In today’s contemporary society, we witness a sports industry, which has become more commercialized and globalized over the years. Sports have a more significant role in our society and have a wider appeal to people worldwide. Some of the largest media audiences are related to mega sports events, e.g. single events like Super Bowl or tournaments like FIFA World Cup (culminating in the World Cup Final). The role of sports branches out to politics as evidenced in ‘popular culture products’ such as Invictus, which is a movie telling the true and inspiring story of how Nelson Mandela and the South African rugby team succeeded in uniting a nation via the Rugby World Cup in 1995, see more. Another example is the implicit meaning hidden in the slogan ‘more than a club’ tied to FC Barcelona, which has been an effective tool in Catalonia’s fight for independence, click here for more information. The branding power of Hollywood and of FC Barcelona are true examples of how sport transcends into more than ‘what goes on inside the lines of a playing field’. These examples are ramifications of what makes the sports industry into a global phenomenon.

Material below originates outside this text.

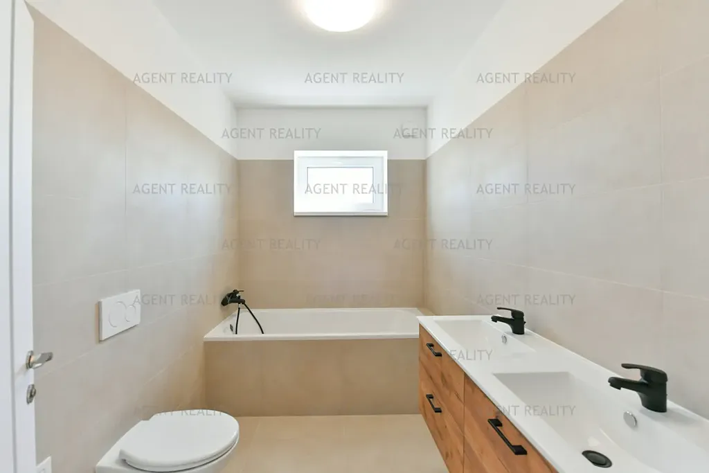 Byt se nachází v novostavbě bytového domu o dvou jednotkách s vlastním vchodem a oddělenou terasou. Vlastní parkovací místo pro tři vozy na pozemku před vchodem do domu.

Applying Marshall McLuhan’s (1994) term ‘the global village’, which describes how the ‘world has become smaller due to electronic technology and the increased speed of information, it becomes easier to understand the meaning of a globalized sports industry. The flow and distribution of information are factors, which have helped to shape today’s sports industry, in which individual sport stars, professional sport teams, sport events and other actors are facing better opportunities to ‘go global’. Most importantly, the notion of a globalized sports world has an ECONOMIC dimension. The attraction and popularity of sports come off on citites, regions, nations, and the international society. This brings investments in infrastructure, talent development, events and so on. Influential governing bodies, i.e. FIFA and UEFA, invest highly in the development of sports, and the flow of information has intensified the flow of money in sports across international borders. Now, it has become easier to bring ‘the essence of sports’ to a large global audience and that is interesting for commercial stakeholders. Sport is synonym for some of the world’s biggest celebrities, e.g. David Beckham, Usain Bolt, Tiger Woods or Maria Sharapova. Endorsement deals for these celebrities are enormous and these stars have been all-pervading elements of society through massive media exposure and recognition. In the wake of sports and sport stars is a sporting goods industry, which branches out to sport fans and ordinary athletes (recreational) worldwide. It is a billion dollar industry. Sports tourism is another big industry linked to sports and there are many more…..Sport also has a unique characteristic in its ability to create positive societal change in terms of health, education, integration, crime, labour, and community issues. SPORT IS DEFINITELY FOR THE GREATER GOOD OF SOCIETY.

Source:

McLuhan, M. (1994, original version is from 1964). Understanding Media: the extensions of man. MIT Press. Massachusetts, the US.